2.1.2 MPEG dynamic adaptive HTTP streaming

HTTP by using the transmission control protocol(TCP) and Internet protocol (IP) plays an important role for delivery of video streaming [16]. HTTP streaming offers the facility of reusing the existing Internet infrastructure as well as better scalability and cost effectiveness to the service provider. Packet losses are prevented by using TCP’s packet re-transmission property in HTTP streaming. Earlier approaches used by HTTP streaming was progressive download, which allows end-users to play out online video contents [1]. Nonetheless, this did not maintain the real aspect of streaming, like quality of video and resolution in dynamic network conditions, because abrupt changes in network conditions may cause users to experience network freeze and interruption.

To overcome the limitations of progressive download, adaptive streaming has been proposed by streaming providers to use the available network resources efficiently and provide high-quality video viewing experience. Highest video quality is guaranteed in adaptive streaming system without long buffering [29].

To reduce the overall transmission delay, HTTP streaming provides a facility to end-users to request different video segment content [35] and adapts to the best video quality based on viewer experiences on dynamic network conditions [29]. Several adaptive streaming techniques have been developed; most of them provide the best video play back quality and minimize start-up delay [29]. MPEG-DASH is one of the adaptive streaming techniques, in which each video is encoded and compressed into a variety of video bitrates corresponding to different resolutions and qualities.
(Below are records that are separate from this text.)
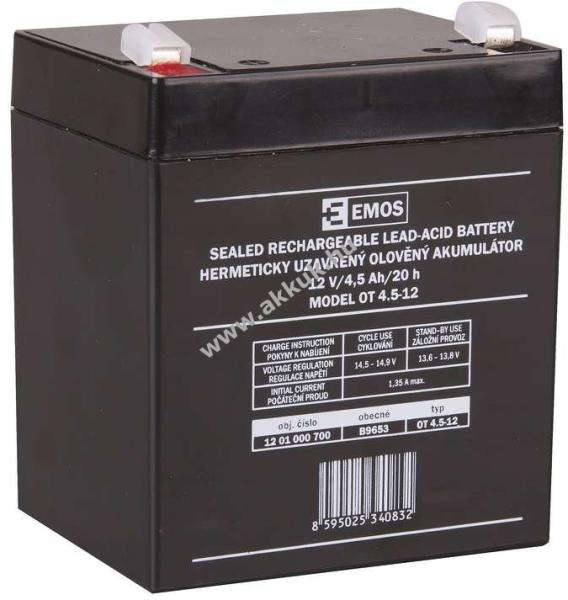 Feszültség: 12V - Teljesítmény: 4,5Ah - Típus: SLA - Méret: 90mm x 70mm x 101mm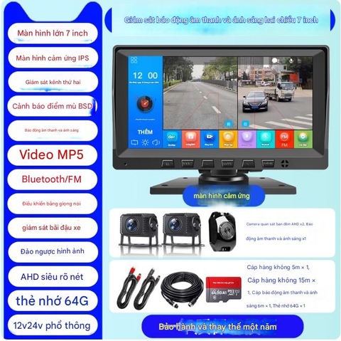 Máy ghi hình lái xe tải giám sát bốn chiều 24v Màn hình cảm ứng 7 inch + cảnh báo điểm mù + Báo động bằng âm thanh và ánh sáng + 64G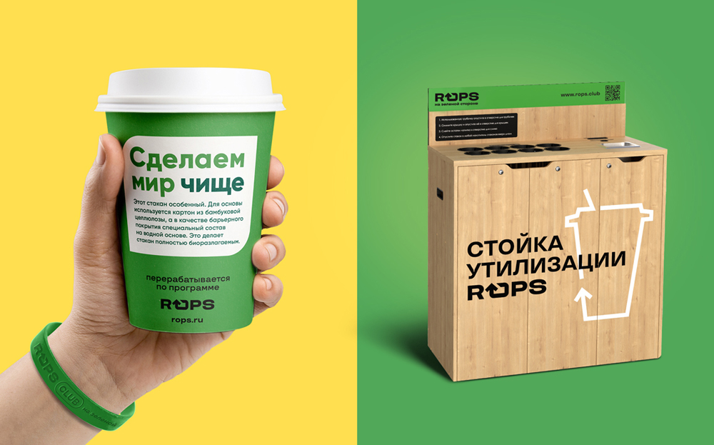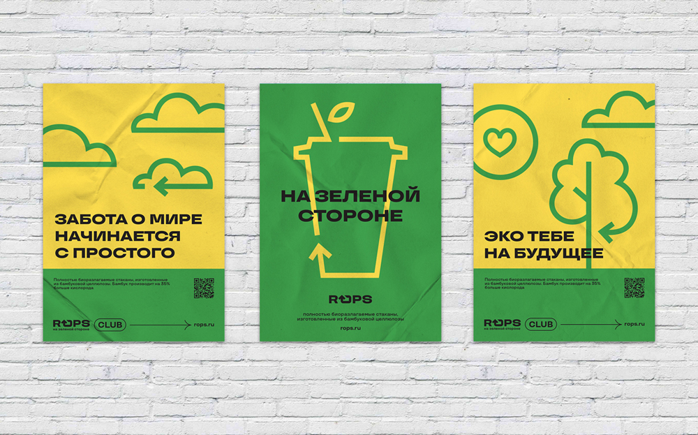 ROPS — это доступный каждому способ внести свой посильный вклад в глобальное дело сохранения природных ресурсов. Основная идея бренда заключается в том, что действовать экологично — это просто. Слоган «На зеленой стороне» хорошо раскрывает главный посыл, а фирменный стиль визуально поддерживает эту мысль.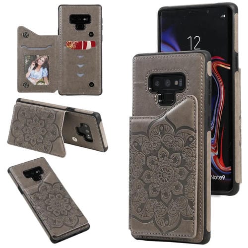 Estuche protector Samsung Galaxy Note9 Flor Patrón En Relieve Soporte Ranuras Tarjetas Marco Fotos (Gris)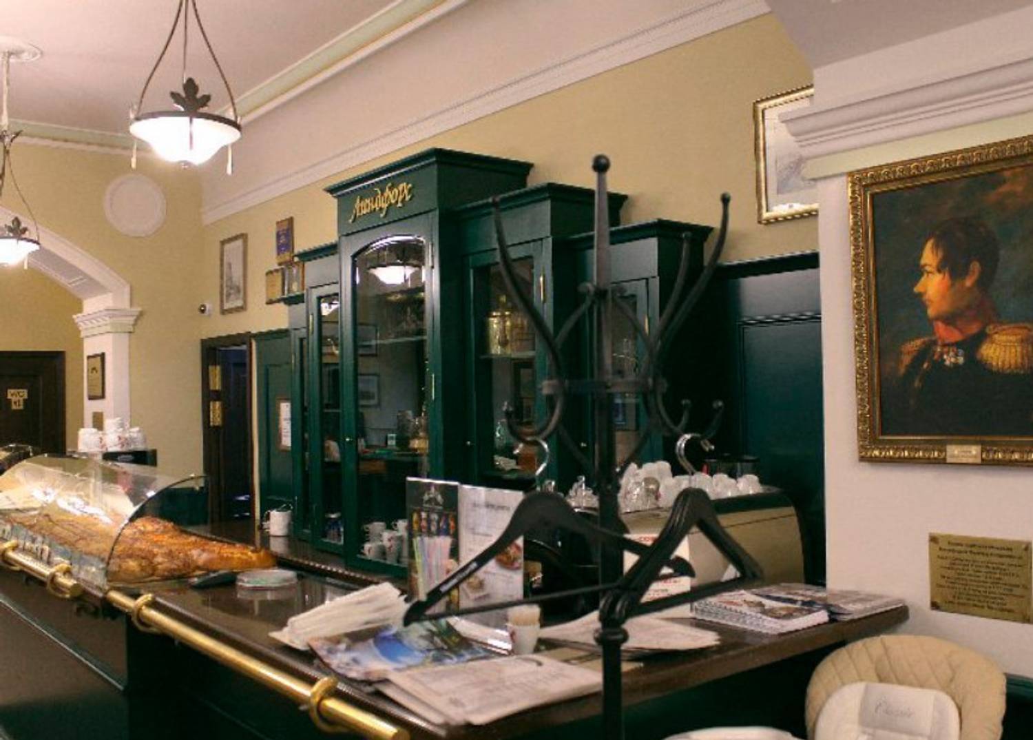 Атмосфера. Интерьеры старинного особняка с арочными проёмами, фигурными зеркалами и паркетом создают камерную атмосферу, отлично сочетаясь с театральной атмосферой. Темное дерево и изумрудные кожаные диваны гармонируют с роскошными люстрами, и все это располагает к неторопливым беседам после спектаклей.

Most suitable bitrate [7] or video quality [52] is selected to play according to the bandwidth available or client’s hardware specifications. These compressed versions represent the video being fragmented into several segments and then stored in common web servers of organization. After that, it generates the XML-based file call media representation description (MPD). The server then sends the MPD to client to determine the available representations and corresponding URLs. DASH client can individually start to play the video by asking MPD file using HTTP GET request, since DASH is a pull-based method. After receiving the MPD file, the client intially parses it, then sends request for fetching and downloading the suitable segment based on the condition of network, available bandwidth, and buffering.

2.1.3 Video quality assessment in 3D multi-view video plus depth

The main objective of video quality assessment is to approximate the viewer’s understanding and satisfaction over a video. There are two ways to do quality assessment viz.: subjective quality assessment and objective quality assessment. In subjective quality assessment, viewer explicitly scores a sequence according to its perceived quality. It gives a more approximation of a user’s experiences. Although, conducting the subjective test practically in real time in all video applications is difficult. Thus, objective video quality evaluation methods are employed to estimate the quality of video by taking into account of mathematical model which estimate the subjective quality assessment results.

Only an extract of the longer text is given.